Cette expérience est la première que nous avons réalisé avec le dispositif. De ce fait, le dispositif présentait certains défauts que nous avons corrigé par la suite. En particulier le fichier de "rétine" a été construit par la méthode des rectangles (voir chap. 3). Si cette méthode est meilleure que la technique d'origine consistant à choisir les centres des champs récepteurs aléatoirement dans l'image, certains défauts n'étaient pas totalement corrigés. En particulier, les rétines présentaient parfois des zones sous-échantillonnées où le sujet perdait momentanément la cible : le sujet 1 et le sujet 3 en ont fait la remarque à la fin de l'expérience.

Par ailleurs, l'application de la transformation logarithmique aux échantillons dans les groupes "Log2" et "Log4" produit des effets de bord qui ont tendance à rétrécir le champ de la caméra. Ce rétrécissement est de l'ordre de 10% pour les rétines "Log2" et de 20% pour les rétines "Log4". Il est évident que si le champ est plus petit, la tâche est plus facile. Néanmoins, cet élément peut difficilement rendre compte de la taille de l'effet observé : les performances varient de 50% entre le groupe uniforme et les groupes spatialement variant. Par ailleurs, on n'observe pas de différence significative de performance entre le groupe "Log2" et le groupe "Log4" alors qu'il y a la même différence en matière de rétrécissement du champ entre ces deux groupes qu'entre le groupe "Unif" et le groupe "Log2".

Enfin, nous n'avons pas songé pour cette première expérience à faire en sorte que l'opérateur ne sache pas dans quel groupe était le sujet. Le protocole est donc en simple aveugle. Toutefois, il est peu vraisemblable que l'opérateur ait influencé les résultats. Il ne pouvait en particulier en aucun cas influencer directement sur les résultats de l'expérience, puisque c'est le sujet qui déterminait le décours des essais.

Ces autres facteurs potentiels ne sont donc pas à même de rendre compte à eux seuls des résultats de l'expérience. Ils restent néanmoins à prendre en compte dans l'analyse.

4.1.5 Conclusion

Dans cette expérience, nous avons testé, chez des sujets voyants équipés du dispositif TheVIBE, l'effet d'un échantillonnage spatialement variant biomimétique sur l'une des premières capacité accessible lors du développement du système visuel humain : la capacité de réaliser des saccades vers une cible visuelle.

Pour cela, nous avons constitué trois groupes de sujets, dans lesquels l'échantillonnage était soit uniforme, soit spatialement variant avec un taux de magnification central de 2, soit spatialement variant avec un taux de magnification central de 4.

Nous avons placé les sujets devant un grand écran sur lequel nous affichons des cibles lumineuses sur un fond noir.
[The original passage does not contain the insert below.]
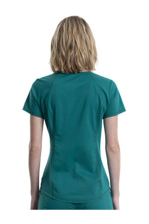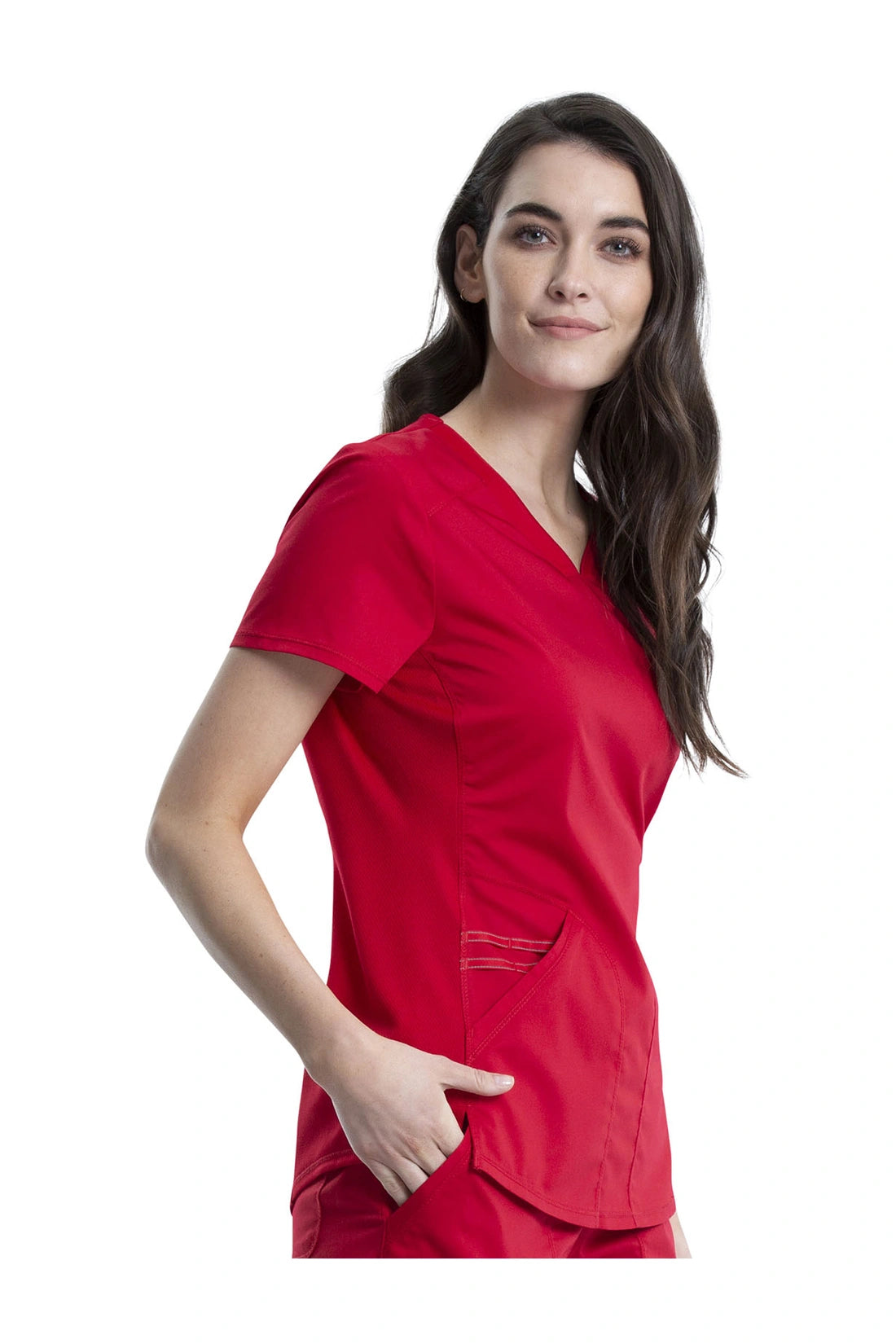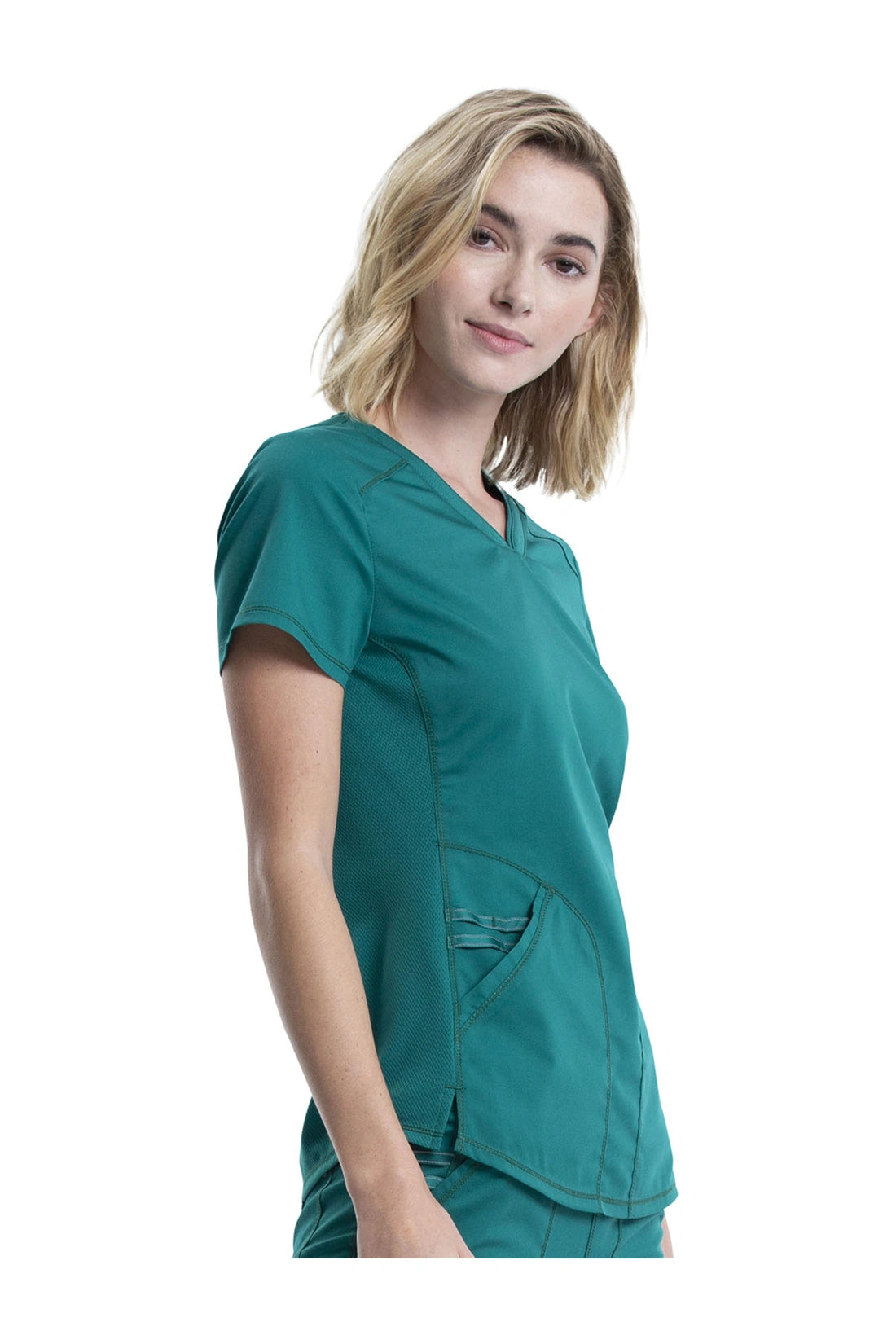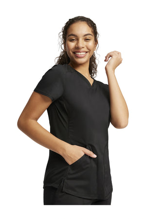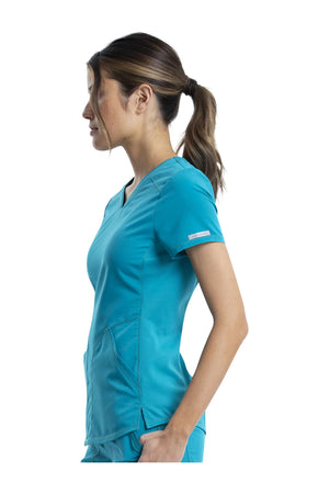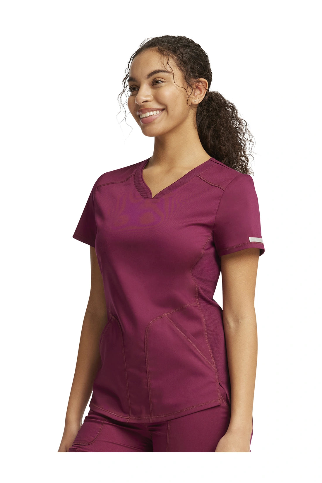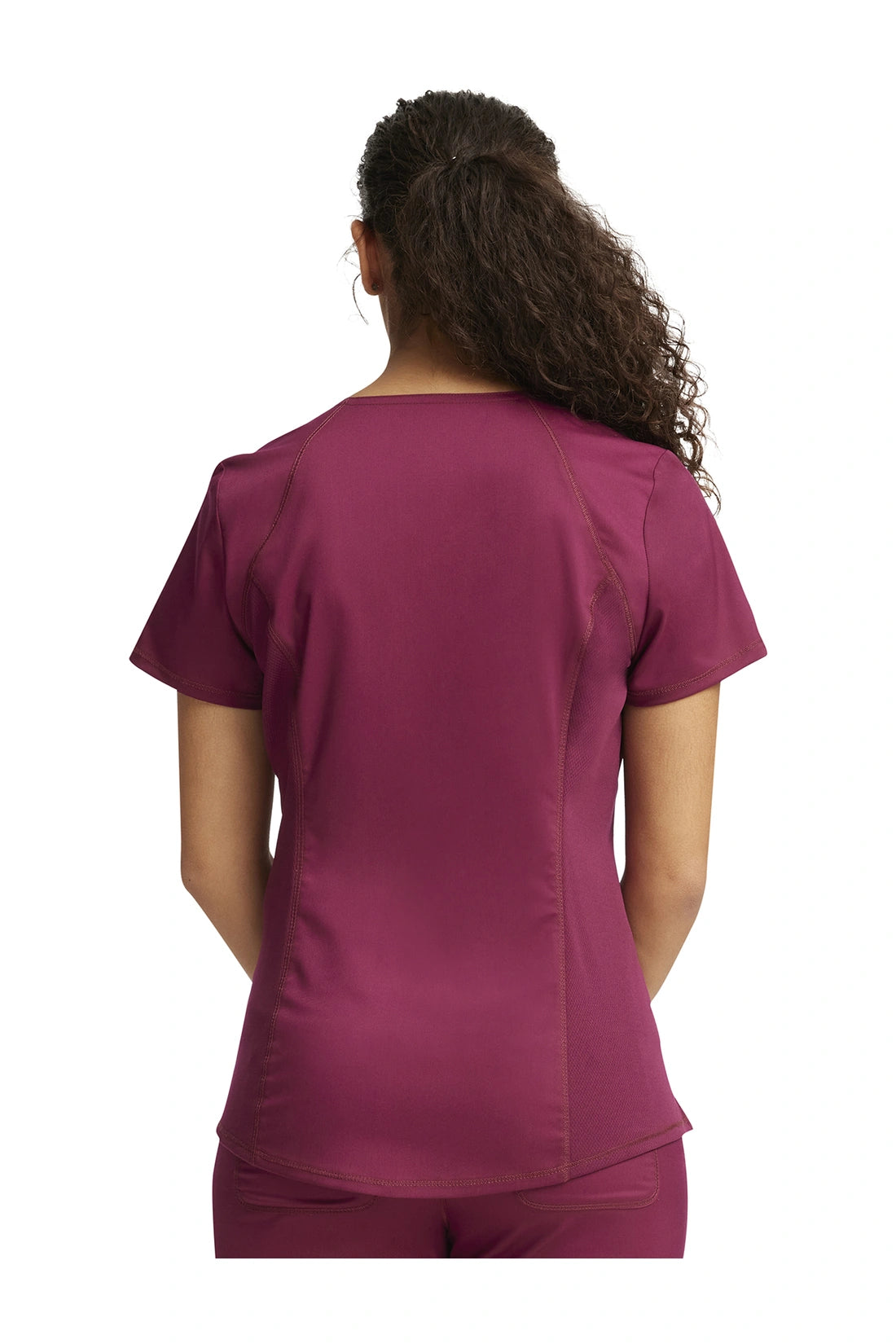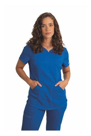 Añade un toque deportivo a tu vestuario médico con este top de cuello en V de forma suave con dos bolsillos de parche y bucles para instrumentos. Una malla transpirable en la banda del cuello y los paneles laterales para mayor comodidad y movilidad. Ajuste clásico moderno. Longitud en el centro de la espalda: 26

Après une phase de prise en main d'environ 45 minutes, nous avons demandé aux sujets de "fixer la cible visuelle, c'est à dire de mettre la cible au centre du champ perceptif". Nous avons mesuré la durée mise par le sujet pour réaliser l'essai ainsi que la dispersion des positions de la cible à la fin de chaque essai.

Nous avons ainsi pu comparer les performances des sujets dans les trois groupes et constater que les sujets des groupes "spatialement variant" montrent des performances nettement supérieures à celles des sujets du groupe "uniforme". L'effet du taux de magnification dans les groupes "spatialement variant" est en revanche beaucoup plus discret.

pensons en particulier que l'existence d'un échantillonnage spatialement variant enrichit les contingences sensorimotrices du dispositif et que cela facilite la tâche de fixation. D'autres éléments sont toutefois à prendre en compte dans cette analyse et notamment l'effet de loupe associé à l'échantillonnage spatialement variant. Une analyse fine des trajectoires de la cible sur un plus grand nombre de sujets devrait permettre de mieux comprendre le phénomène observé.